[Start of Attachment]

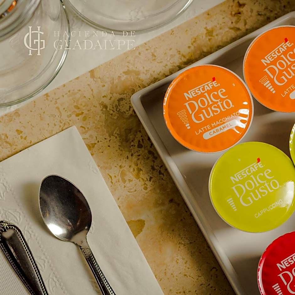 The Hotel Boutique Hacienda Guadalupe has a restaurant called Estoril on site. The restaurant offers a mix of French, Japanese, and Mexican cuisines in a family-friendly and traditional ambiance.
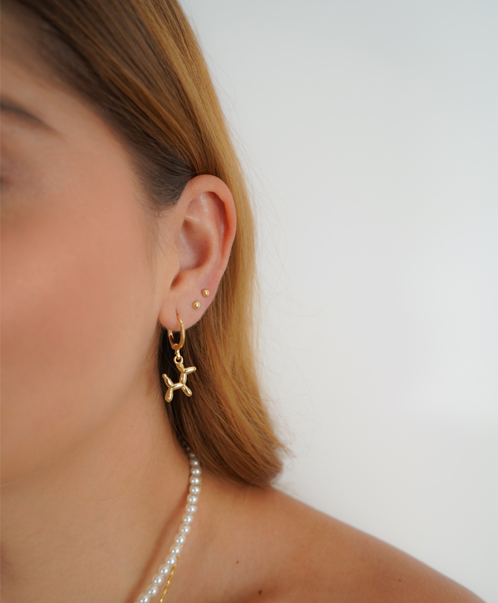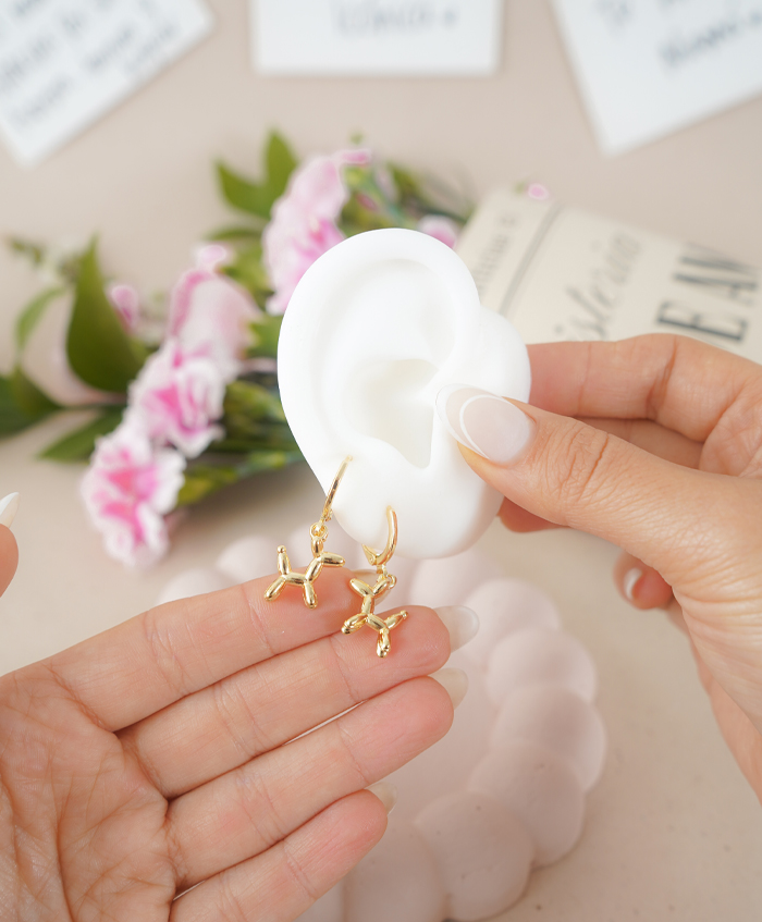 Candongas con dije de perrito de globo, fabricadas en rodio y con una medida de 3cm..
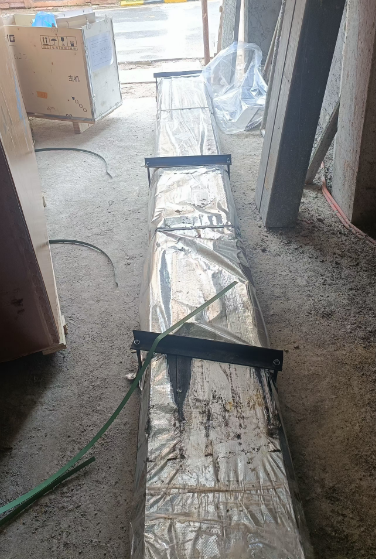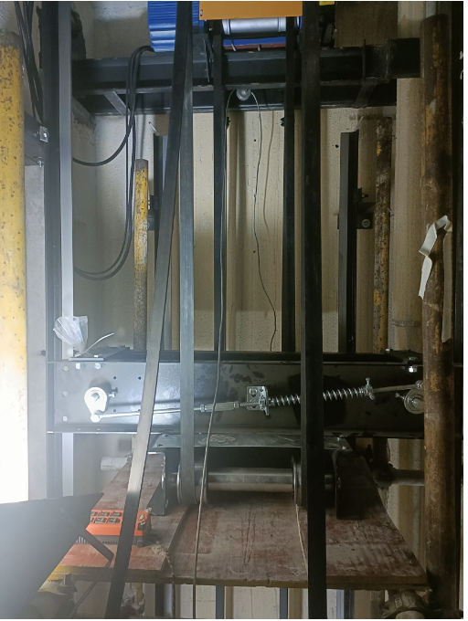 然后我先安装了轿厢的顶梁,因为我井道里有钢架,此时的对重已经在底部了,所以应该先把轿厢在顶部安装。
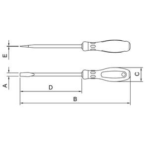Seja em manutenções industriais ou automotivas, apertar ou afrouxar parafusos se torna mais fácil com a ajuda das Chave Ultragrip Plus da Tramontina PRO. Seu cabo emborrachado proporciona maior conforto e firmeza na utilização. Estão disponíveis com ponta chata e cruzada, nos modelos tradicional e toco. Quem é PRO usa. Orientações Haste em aço cromo vanádio temperada. Acabamento cromado.Ponta fosfatizada e magnetizada.Cabo com dupla injeção em PP e borracha.DIN ISO 2380.Ponta chata.As hastes das chaves de fenda são testadas em máquina de ensaio específica, para verificar o perfeito balanço entre resistência mecânica e dureza.Os dimensionais das pontas são verificados com gabaritos-padrão calibrados e certificados, e a qualidade do fosfato é inspecionada ao microscópio.Apertar ou afrouxar parafusos de fenda simples.As ferramentas são produzidas e testadas conforme normas específicas. Características Gerais EAN13 7891114151848 DUN14 17891114151845 NCM 8205.40.00 Peso Líquido 0,0600 kg. Peso Bruto 0,0640 kg. Metragem 0,000403 m³. Dimensões Embalagem (Compr. X Larg. X Alt.) 230x 50x 35 mm. Dimensões Produto (Compr. X Larg. X Alt.) 184x 30x 30 mm. Dimensão Extra A 5,0 mm. Dimensão Extra B 184,0 mm. Dimensão Extra C 30,6 mm. Dimensão Extra D 75,0 mm. Dimensão Extra E 1,0 mm. Observações Use óculos, luvas e outros equipamentos de proteção individual (EPIs) de acordo com a tarefa a ser executada. Utilize chaves de fenda isoladas, identificadas pela marcação 1.000 V, quando for necessário trabalhar em locais com corrente elétrica. Importante: nestes casos, inspecione a integridade da isolação elétrica, e, se aparecerem trincas na isolação, suspenda o uso imediatamente. Utilize chaves com ponta adequada para cada tipo de fenda, para realizar a tarefa de forma mais rápida e segura. Respeite o torque estabelecido por norma para cada bitola. Não utilize as chaves de fenda como formão ou alavanca. Não altere as dimensões originais da ponta para obter outro perfil. Armazene em local limpo e seco.
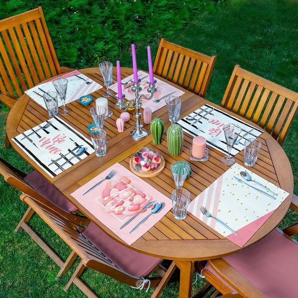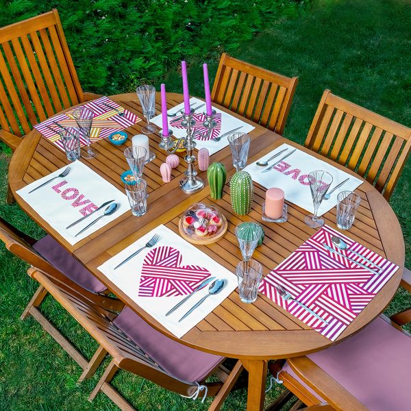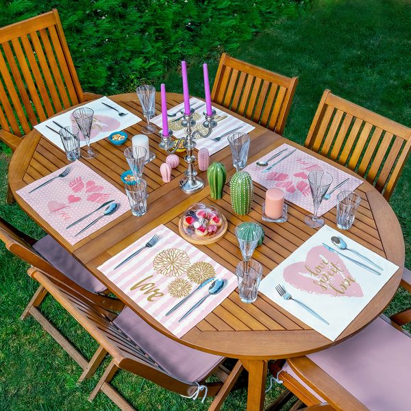 6’lı Pembe Love Desenli Amerikan Servis Seti
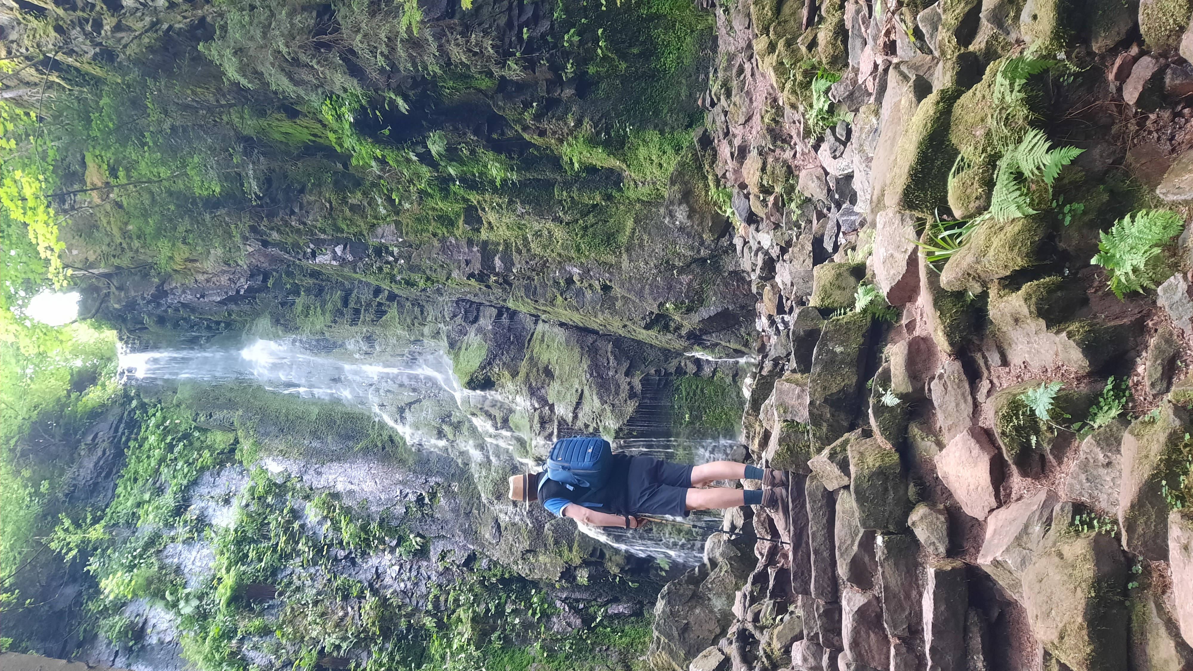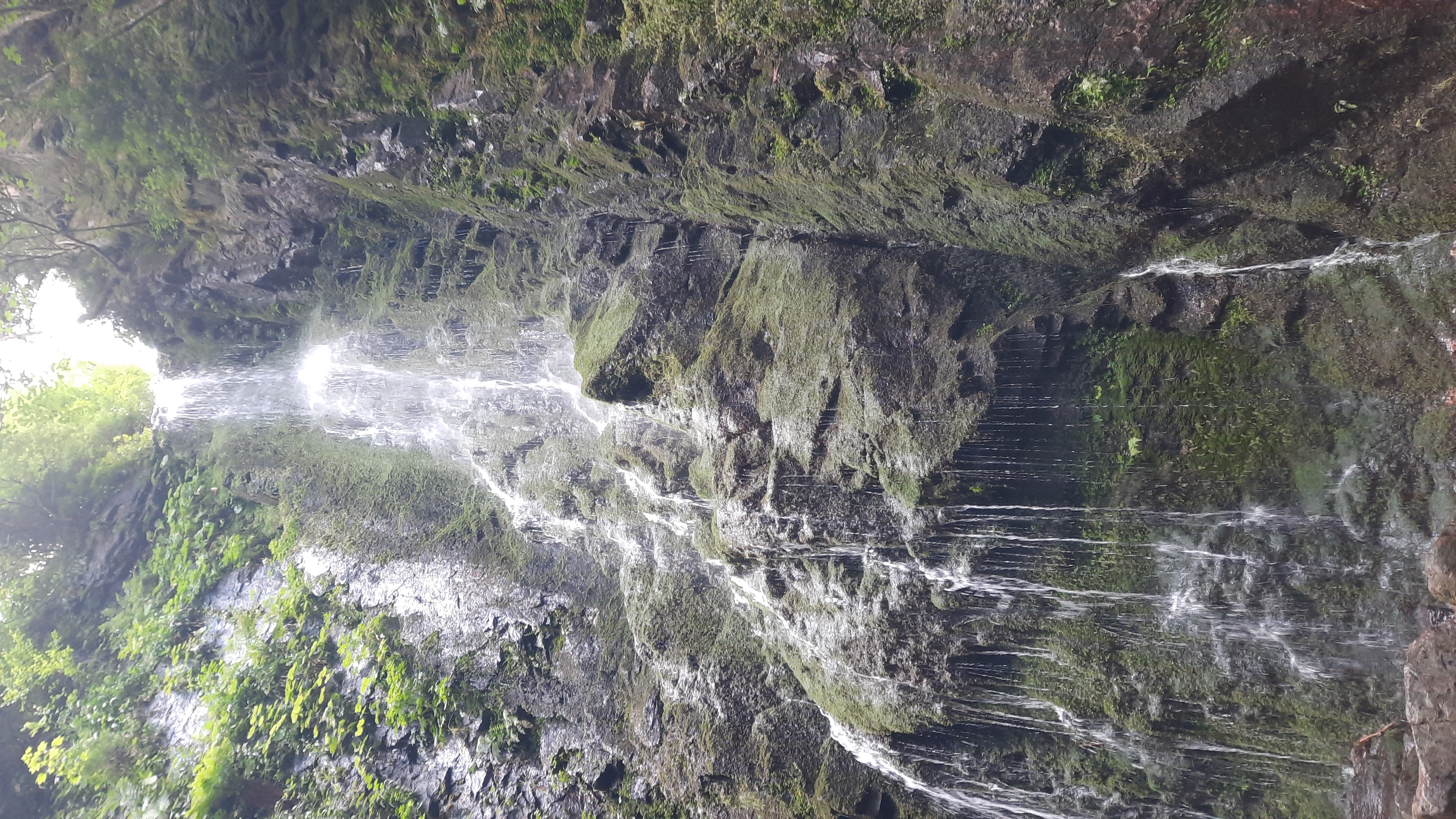 We gaan van het weggetje af en belopen een smal pad omhoog de bossen in. Het is even wandelen en na ongeveer één kilometer hoor je de waterval al. Eerst kom je een drankhuisje tegen en aan het einde van het pad ga je linksaf. Een stukje verder zie je de waterval ook. Wat een mooi natuurverschijnsel. We maken wat foto’s en dan lopen we een stukje terug. Het wandelbordje stuurt ons verder omhoog, het is een stijl pad dat al slingert de top bereikt. We zijn bij een uitkijktoren beland aan de linkerkant. Het trappetje af en dan rechts bevindt zich nog een picknick plaats.

[End of Attachment]

The whole listing, pictures excluded, should be output exactly.

Result for this exercise:
 The Hotel Boutique Hacienda Guadalupe has a restaurant called Estoril on site. The restaurant offers a mix of French, Japanese, and Mexican cuisines in a family-friendly and traditional ambiance.
 Candongas con dije de perrito de globo, fabricadas en rodio y con una medida de 3cm..
 然后我先安装了轿厢的顶梁,因为我井道里有钢架,此时的对重已经在底部了,所以应该先把轿厢在顶部安装。
Seja em manutenções industriais ou automotivas, apertar ou afrouxar parafusos se torna mais fácil com a ajuda das Chave Ultragrip Plus da Tramontina PRO. Seu cabo emborrachado proporciona maior conforto e firmeza na utilização. Estão disponíveis com ponta chata e cruzada, nos modelos tradicional e toco. Quem é PRO usa. Orientações Haste em aço cromo vanádio temperada. Acabamento cromado.Ponta fosfatizada e magnetizada.Cabo com dupla injeção em PP e borracha.DIN ISO 2380.Ponta chata.As hastes das chaves de fenda são testadas em máquina de ensaio específica, para verificar o perfeito balanço entre resistência mecânica e dureza.Os dimensionais das pontas são verificados com gabaritos-padrão calibrados e certificados, e a qualidade do fosfato é inspecionada ao microscópio.Apertar ou afrouxar parafusos de fenda simples.As ferramentas são produzidas e testadas conforme normas específicas. Características Gerais EAN13 7891114151848 DUN14 17891114151845 NCM 8205.40.00 Peso Líquido 0,0600 kg. Peso Bruto 0,0640 kg. Metragem 0,000403 m³. Dimensões Embalagem (Compr. X Larg. X Alt.) 230x 50x 35 mm. Dimensões Produto (Compr. X Larg. X Alt.) 184x 30x 30 mm. Dimensão Extra A 5,0 mm. Dimensão Extra B 184,0 mm. Dimensão Extra C 30,6 mm. Dimensão Extra D 75,0 mm. Dimensão Extra E 1,0 mm. Observações Use óculos, luvas e outros equipamentos de proteção individual (EPIs) de acordo com a tarefa a ser executada. Utilize chaves de fenda isoladas, identificadas pela marcação 1.000 V, quando for necessário trabalhar em locais com corrente elétrica. Importante: nestes casos, inspecione a integridade da isolação elétrica, e, se aparecerem trincas na isolação, suspenda o uso imediatamente. Utilize chaves com ponta adequada para cada tipo de fenda, para realizar a tarefa de forma mais rápida e segura. Respeite o torque estabelecido por norma para cada bitola. Não utilize as chaves de fenda como formão ou alavanca. Não altere as dimensões originais da ponta para obter outro perfil. Armazene em local limpo e seco.
 6’lı Pembe Love Desenli Amerikan Servis Seti
 We gaan van het weggetje af en belopen een smal pad omhoog de bossen in. Het is even wandelen en na ongeveer één kilometer hoor je de waterval al. Eerst kom je een drankhuisje tegen en aan het einde van het pad ga je linksaf. Een stukje verder zie je de waterval ook. Wat een mooi natuurverschijnsel. We maken wat foto’s en dan lopen we een stukje terug. Het wandelbordje stuurt ons verder omhoog, het is een stijl pad dat al slingert de top bereikt. We zijn bij een uitkijktoren beland aan de linkerkant. Het trappetje af en dan rechts bevindt zich nog een picknick plaats.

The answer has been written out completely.